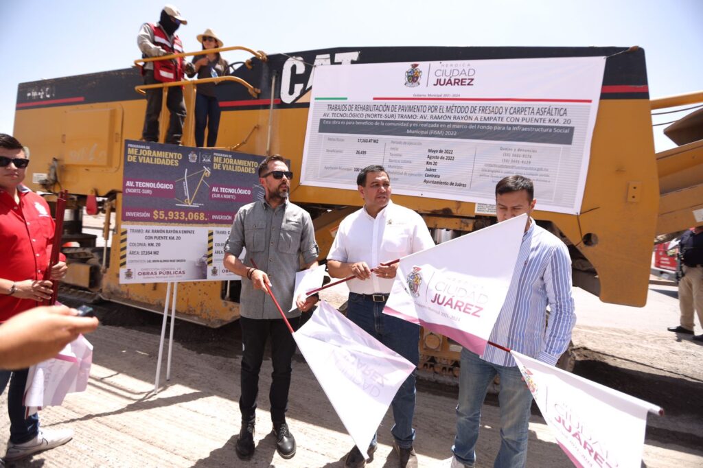 CD. JUAREZ, CHIH.- Como parte del Programa de Mejoramiento de Vialidades, el Presidente Municipal, Cruz Pérez Cuéllar, dio el banderazo de arranque a las obras de repavimentación de dos tramos de la avenida Tecnológico.
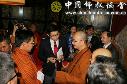不丹外交大臣丹曲·多吉先生专程来到晚宴现场与学诚会长交流
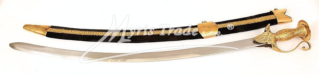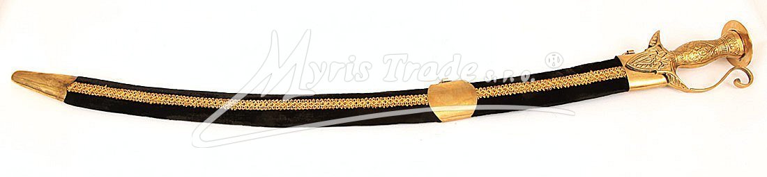 Replika historické orientální šavle s ozdobnou mosaznou tepanou rukojetí v pochvě potažené sametem v černé barvě. Šavle je určena nejen pro dekoraci, ale protože je vyvážená, skvěle se hodí i pro orientální břišní tance.
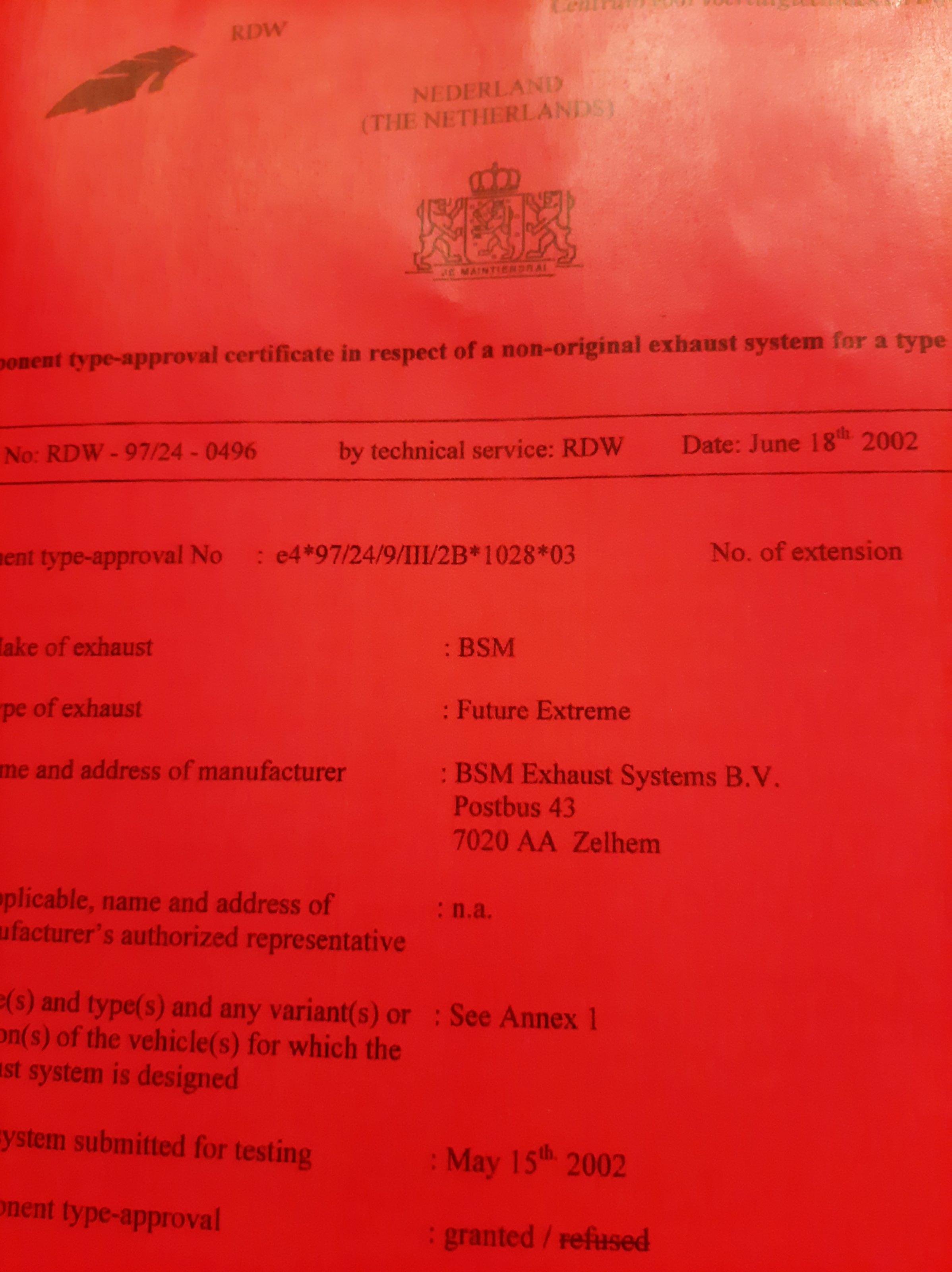 Es gibt auch eine Bestätigung von der Fa.Hattech, dass es sich um eine orginale Anlage der Firma handelt.

-------

REQUIRED WORK. Lines from the start of the material through the line containing "不丹外交大臣丹曲·多吉先生专程来到晚宴现场与学诚会长交流" are to be restated word for word; no picture may be included.

WRITTEN SOLUTION.
 CD. JUAREZ, CHIH.- Como parte del Programa de Mejoramiento de Vialidades, el Presidente Municipal, Cruz Pérez Cuéllar, dio el banderazo de arranque a las obras de repavimentación de dos tramos de la avenida Tecnológico.
不丹外交大臣丹曲·多吉先生专程来到晚宴现场与学诚会长交流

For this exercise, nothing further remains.